Claire Martin is a greatly acclaimed jazzy Big Band singer. On the whole too jazzy for me. She is a conventionally excellent singer, but in a style you might describe as ‘BBC Light Programme.’ Until 1967, needle time restrictions meant the Light Programme could only play records for a few minutes per hour, so was mainly cover versions with a studio orchestra. So you’d have Alan Breeze and Kathie Kay singing with the Billy Cotton Band (as Alan Breeze did from 1932 to 1968, and Kathie Kay did from 1949 to 1968), and they’d announce ‘Kathie Kay sings Heartbreak Hotel / Walkin’ Back to Happiness/ I Can’t Get No Satisfaction/ Softly As I Leave You / Like A Rolling Stone‘ and she’d do it all. All note perfect, conventional good singing. Then the live radio singers (such as Elvis Costello’s dad, Ross McManus) would pop round to New Bond Street studios and do the weekly cover versions for Woolworths’ Embassy label, or Pye at Marble Arch and do their various budget covers.
The lack of backing singing didn’t help. Why don’t they add that? It’s beginning to irritate me.
I Should Have Known Better switches to ‘John’ and is another A Hard Day’s Night song. This a big, brassy version. Very brassy. It suits the song.
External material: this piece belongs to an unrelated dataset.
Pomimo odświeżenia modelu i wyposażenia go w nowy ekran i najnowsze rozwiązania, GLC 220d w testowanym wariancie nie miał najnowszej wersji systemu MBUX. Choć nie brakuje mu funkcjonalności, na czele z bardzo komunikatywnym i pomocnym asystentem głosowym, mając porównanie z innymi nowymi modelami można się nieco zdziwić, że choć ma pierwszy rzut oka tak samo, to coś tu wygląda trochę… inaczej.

Here , There and Everywhere puts Joe Silgoe as Paul playing piano and singing. It’s from Revolver and 1966. This is one with backing vocals which The Beatles spent days perfecting, so why do they do it as a single voice? Like the earlier In My Life simpler (but still classical instruments) backing would have helped.
Claire Martin is back for Ticket To Ride. Good joke from our ‘John.’ I won’t spoil it by revealing. Sorry, I really didn’t like her version at all. Nor did I think the orchestral arrangement helped. In her defence, a pet hate of mine is Ella Fitzgerald singing Can’t Buy Me Love. I don’t like jazz vocalists doing The Beatles. Not ever. I squirmed through this one.
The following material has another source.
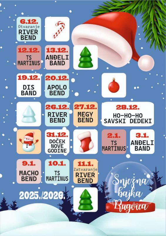 Što se subotnjeg otvorenja Snježne bajke tiče, Cepetić je naveo kako će u 17 sati u šator stići Sveti Nikola s poklonima za mališane, dok od 19 sati slijedi zabava uz River bend.
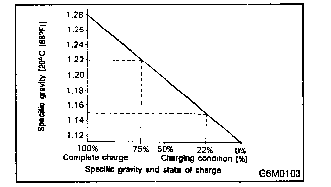 2. Measuring the specific gravity of the electrolyte in the battery will disclose the state of charge of the battery. The relation between the specific gravity and the state of charge is as shown in figure.

John and Paul do a routine on writing Yesterday from Help! on piano and acoustic guitar with the often described filler temporary lyric: Scrambled eggs/Oh my baby how I love your legs. It was not a UK single. John had absolutely no input on writing or recording. The record is just Paul McCartney, piano and string quartet.
The song was around for months and months before we finally completed it. Every time we got together to write songs for a recording session, this one would come up. We almost had it finished. Paul wrote nearly all of it, but we just couldn’t find the right title. We called it ‘Scrambled Eggs’ and it became a joke between us. We made up our minds that only a one-word title would suit, we just couldn’t find the right one. Then one morning Paul woke up and the song and the title were both there, completed. I was sorry in a way, we’d had so many laughs about it
John Lennon (the real one).
Then they stand and watch Claire Martin sing it solo. Yes, she can reach all the notes. It is a first class conventional version. I don’t think the orchestra added greatly. I would have vastly preferred just piano and a string quartet. OK, we know 101 Strings did it with the lot. Unfortunately. There are 2200 cover versions of the song in existence. Thank you, Wiki.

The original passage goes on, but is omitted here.